На сцене общий хор солдатских детей пел старинные, времен Отечественной войны, куплеты Кавоса.

Музыка казалась странной и слова чуждыми:

«Благословение… Благословение сердец»…

«Тогда — благословение сердец и подвиги… Теперь, — думал Ершов, — теперь мальчишки и девчонки… Разврат был, разврат есть… А надо так сделать, чтобы не было разврата! Со времен Хеттеев, Иевусеев, Аморреев стоял разврат на земле. Как и быть по-иному, когда и мы-то сами — крестьяне господ Морозовых…»

Ершов увидал унтер-офицера Гордона и сказал ему, чтобы он вел домой команду.

— Я на извозчике поеду.

— Устали очень? — почтительно осведомился Гордон. — А когда, Димитрий Агеич, часы царские спрыснем?

— Спрыснем завтра.
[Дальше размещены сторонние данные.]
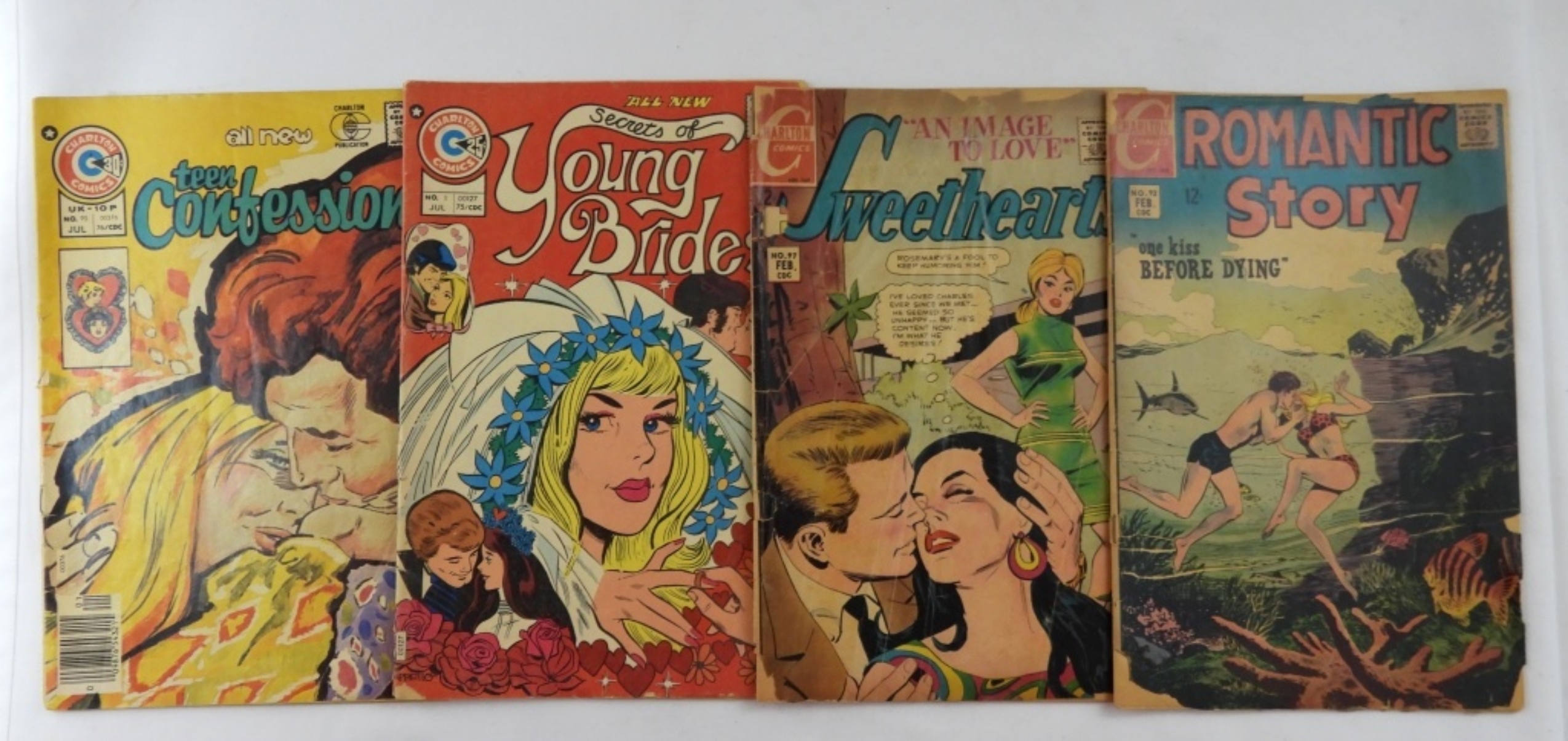 ROMANTIC STORY NO 92. SWEETHEARTS- NO 97. YOUNG BRIDES NO 1. TEEN CONFESSIONS NO 95. SECRET ROMANCE NO 39. BLONDIE #194-194. ALL ARE IN FAIR TO GOOD CONDITION, THEY ALL SHOW WEAR, ALL PREOWNED.
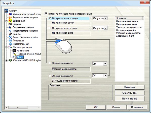 и кнопок/колеса стандартной трехкнопочной мыши. Поддерживаются комбинации «кнопка мыши + кнопка-модификатор».
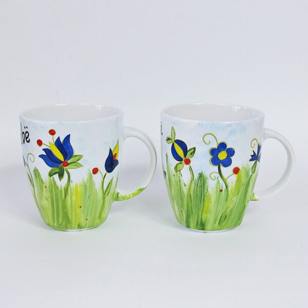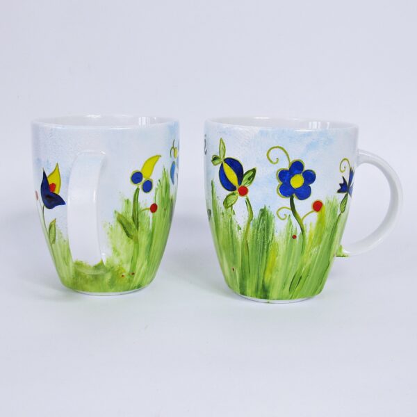 Kubek wykonany z białej porcelanie, ręcznie malowany, utrwalony termicznie. Przeznaczony do użytku codziennego, zalecane mycie ręczne. Profesjonalna technologia zdobienia porcelany zapewnia jej nietoksyczność i trwałość. Przedmiot malowany jest specjalnymi farbami do porcelany.
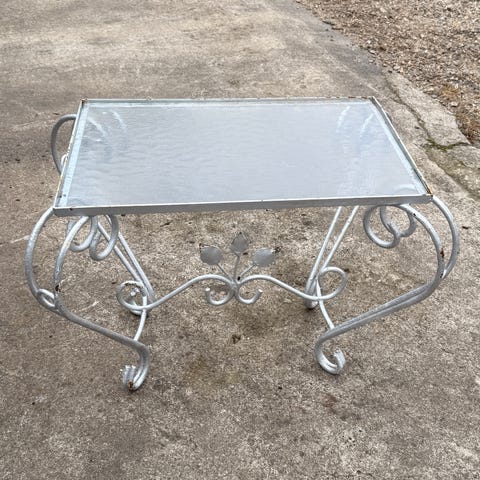 Flot blomsterbord / lampebord selve bordpladen har en revne. Men bordet er stabilt. Det er vist på en af billederne. Højden er 73 cm. Diameteren på bordet er 40 cm
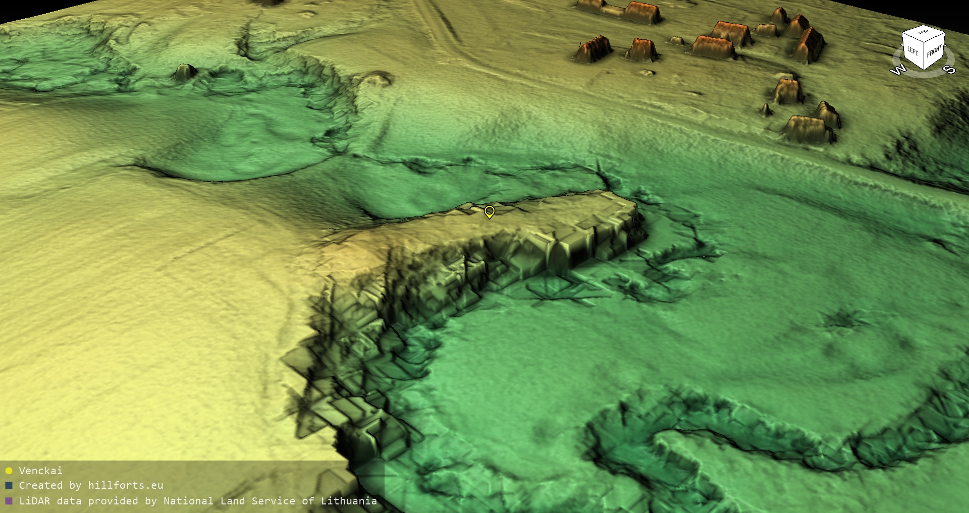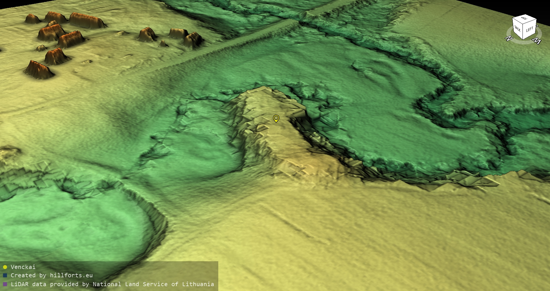 Latvijas pilskalnu 3D modeļi, kas veidoti no brīvpieejas LIDAR datiem LĢIA vietnē.
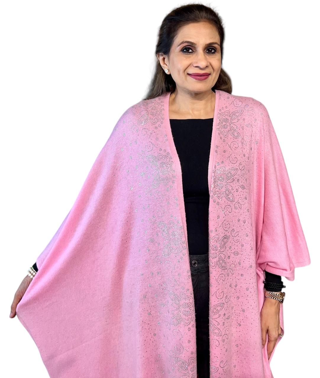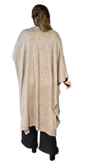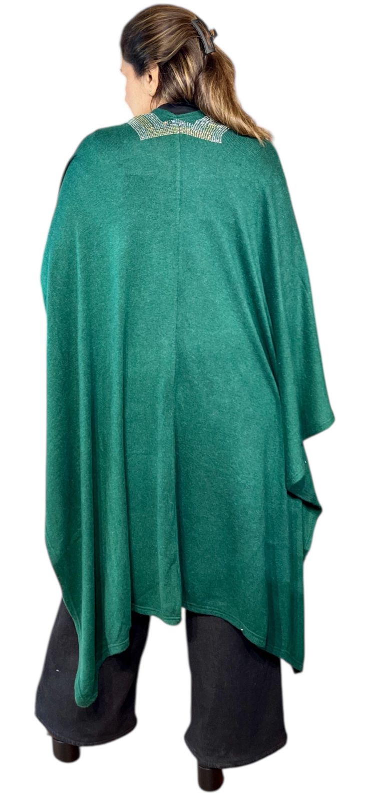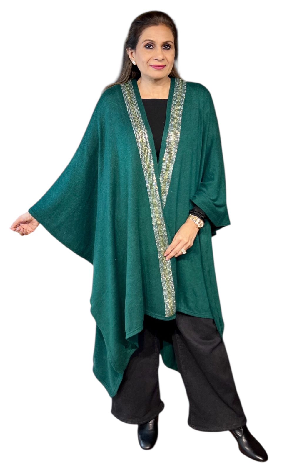 Wrap yourself in understated elegance with the Whisperfall Cape. Designed in a luxuriously soft knit, this long, flowy cape drapes effortlessly, creating a graceful silhouette for all body types. The open-front design is accented with delicate embellishment detailing along the border, adding a subtle shimmer without overpowering the look.
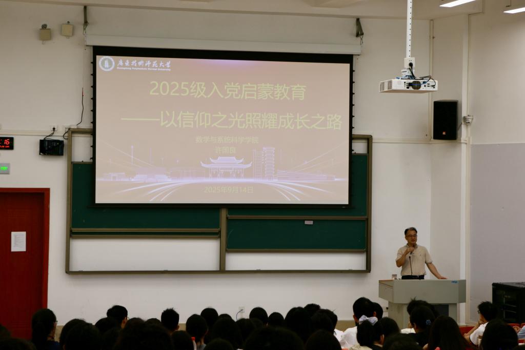 2025年9月14日,TapTap点点在河源校区博学大讲堂102室开展2025级新生入党启蒙教育活动。本次教育活动由学院党委副书记许国良主讲,主题为”以信仰之光照耀成长之路”,旨在引导新生端正入党动机、了解入党流程,坚定理想信念。
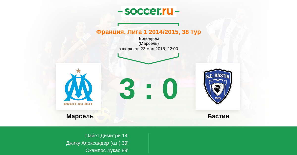 Протокол матча Марсель против Бастия
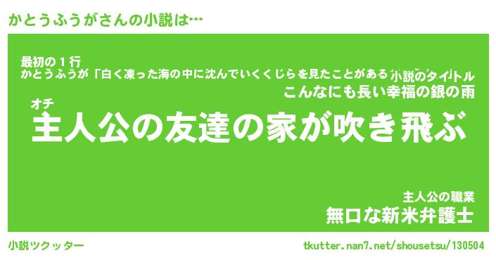| 男性向けラノベタイトル風あだ名 | 『かとうふうがの憂鬱』 |
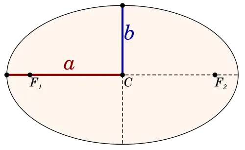 where r is the distance between the orbiting object and the large body of mass M it orbits, and a is half the long axis of the orbit shape, or Semi-major Axis. An orbit may be circular, but most repeating orbits are elliptical to some degree (Figure 1-1). The large body is located at one focus F of the ellipse. When the orbiting object is large enough relative to the larger body, such as the Moon is to the Earth, they both orbit their common Center of Mass. For the Earth and Moon that center is about 3/4 of the way from the Earth's center to the surface in the direction of the Moon.
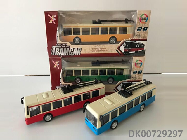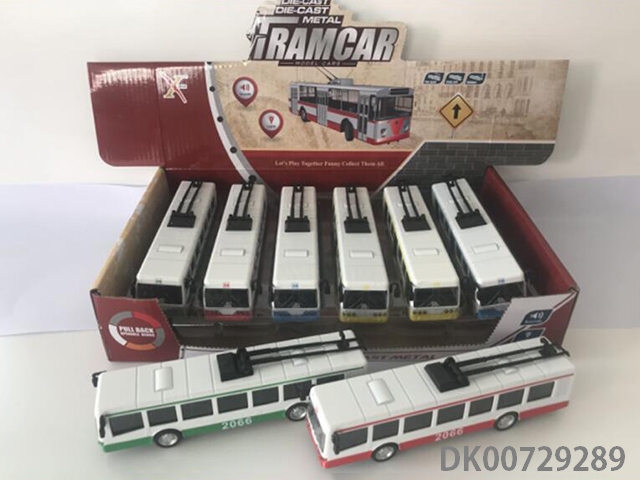 1: 90 Alloy bus trolley car, 3 door, light with sound and light (6 in a display box, 1 in 3 colors)
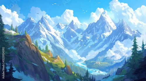 mountain, vale, landscape, scenic, nature, peak, snow, river, forest, tree, cloud, sky, blue, vibrant, colours, vista, travel, adventure, serene, peaceful, picturesque, gorgeous, amazing, beauty, fresh, air, fresh air, sunlight, summit, view, alpine, gorgeous view, mountain chain, winter, spring, summer, digital artwork, illustration, painting, travel destination, hiking, camping, exploration, explore
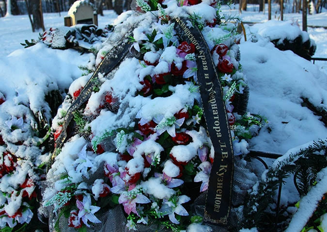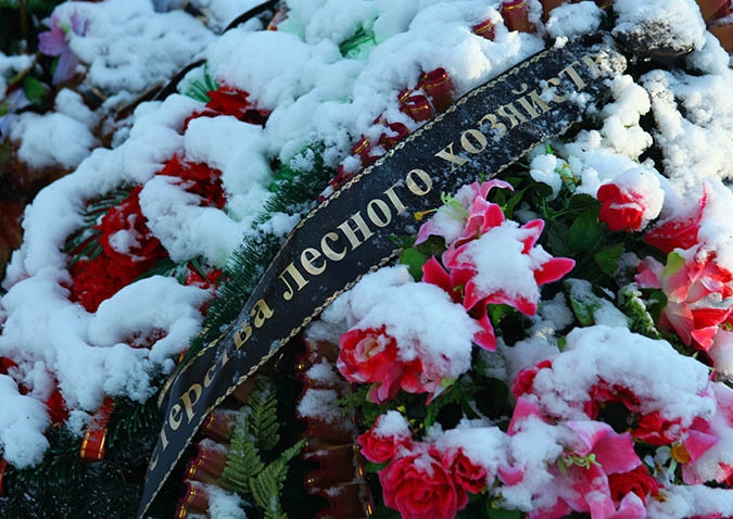 Говорят, что жены погибшего на похоронах не было, но есть венок, где на ленточке видно ее имя. Также есть венки от губернаторов других регионов и многих министерств Татарстана…
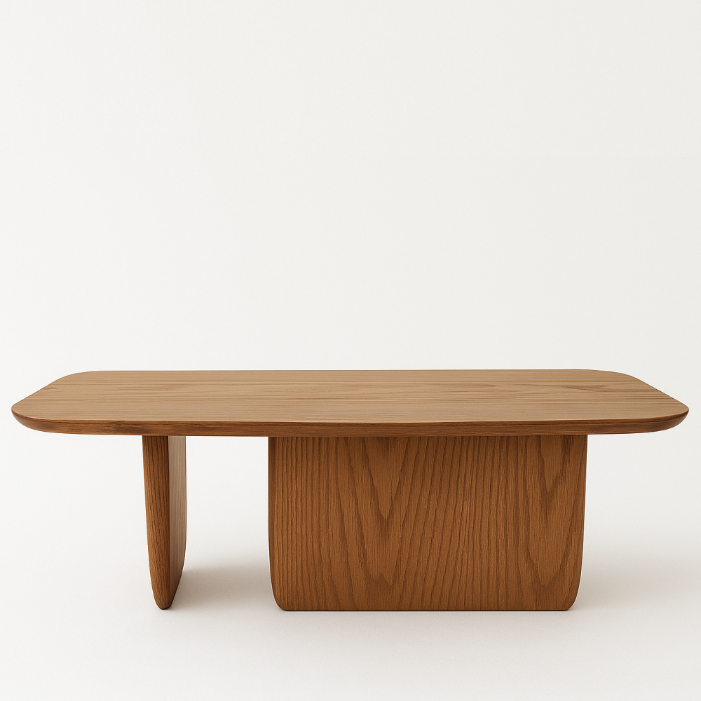 Flow coffee table A modern statement piece, this handcrafted wooden coffee table blends functionality with timeless design. Its smooth rectangular top with softly rounded edges rests on bold asymmetrical legs, creating a sculptural silhouette that stands out in any living space. The natural wood grain adds warmth and character, making each table unique.
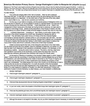 American Revolution Primary Source: George Washington War Letter to Lafayette
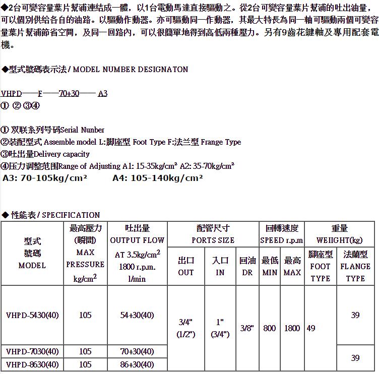 VHPD-F-70+30-A3系列双联叶片泵
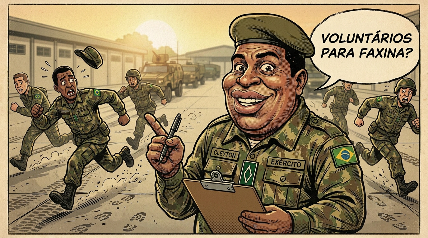 “Voluntários para faxina?” - a frase mais perigosa já ouvida dentro de um quartel. Quem é experiente nem olha pra trás… quem vacila, já era.
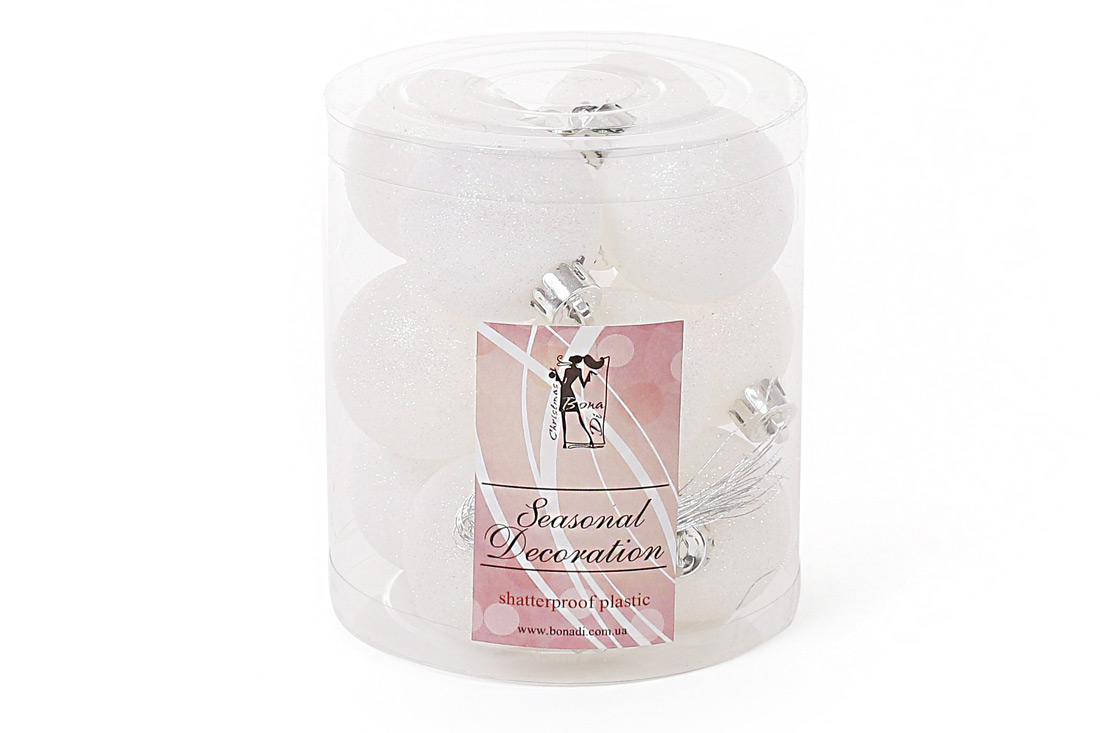 Набір ялинкових куль 4см, колір - білий глітер, 12шт
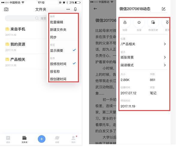 有道云笔记支持批量编辑,显示摘要,排序方式等功能。

Я от своего не отказываюсь. Так, ежели адъютант, что спросит али Густав Эдмундович, скажите, я в казармы на извощике поехал.

Он пошел из-за кулис на лестницу. А вдогонку ему все еще летели порхающие звуки старинных слов: «Благословение, благословение сердец!»

XXXVII

25 марта, в день Благовещения Пресвятой Богородицы, третий эскадрон праздновал свой эскадронный праздник. После утренней уборки лошадей были в церкви у обедни.

С утра жена старшего офицера эскадрона госпожа Окунева с Мусей Солдатовой убирали большой эскадронный образ в резном золоченом киоте живыми цветами: гиацинтами, нарциссами и алыми, яркими тюльпанами.

Два подпрапорщика, взводных унтер-офицера и самый младший офицер эскадрона, долговязый рыжий корнет Мандр помогали им. Мандр, впрочем, больше мешал, стараясь задевать за полные руки Муси, и предлагал ее поддерживать, когда, стоя на табурете, она увязывала цветы на верху киота.

— Бросьте, Карл Карлович, — недовольно морщилась Окунева. — Вы только мешаете Мусе, она без вас гораздо лучше сделает.

В девять часов образ был украшен. Окунева и Мандр ушли. В эскадронном помещении остался только очередной дневальный. Кругом стояла праздничная, торжественная тишина.

Муся пошла на квартиру отца. Там, на кухне ее мать с бойким солдатом Певчуком, вахмистерским вестовым, сажала в печь громадный пирог с вязигой, рисом и сигом.

Маланья Петровна гордилась своим уменьем делать пироги вкуснее, лучше и сдобнее, чем повар офицерского собрания. Она знала, что ее пироги славились во всем полку, и в день эскадронного праздника офицерам, как они ей говорили, и праздник был бы не в праздник без ее пирога.

— Ты, Муся, мне здесь без надобности, — сказала Маланья Петровна, — поди лучше отцу помоги стол накрывать, а я с Певчуком и вдвоем управлюсь.

В комнате в два окна, где на подоконнике между кустов герани стояла клетка с птицами, вахмистр с двумя вестовыми офицерского собрания устанавливал стол во всю комнату. На полу стояла корзина с бельем и посудой из собрания. Плутоватый ярославский мужик Дудак, полковой маркитант, в длинном черном сюртуке поверх розовой в крапинах рубахи, вертелся тут же, подавая вахмистру советы.

— Мадеры, Семен Андреич, не иначе, как две бутылки поставьте. Я вам настоящей Кроновской припас.

— Да? А не много ли будет, Никанор?

— Какое там много. Вы то посчитайте: эскадронный водки не пьют, батюшка тоже, — вот уже для начала, при закуске шесть-семь опрокидонтов и вышло полбутылки, а то и поболе. Опять же после завтрака Марья Семеновна чаем обносить будут, тут уже завсегда надо, чтобы шампанское, мадера и поджаренный миндаль на столе стони. Это уж такой, значит, обычай.

— Ну, ладно, две… А водки?

— Четверть.

— Ой?.. Много…

— Ну, куда много? На двадцать-то человек!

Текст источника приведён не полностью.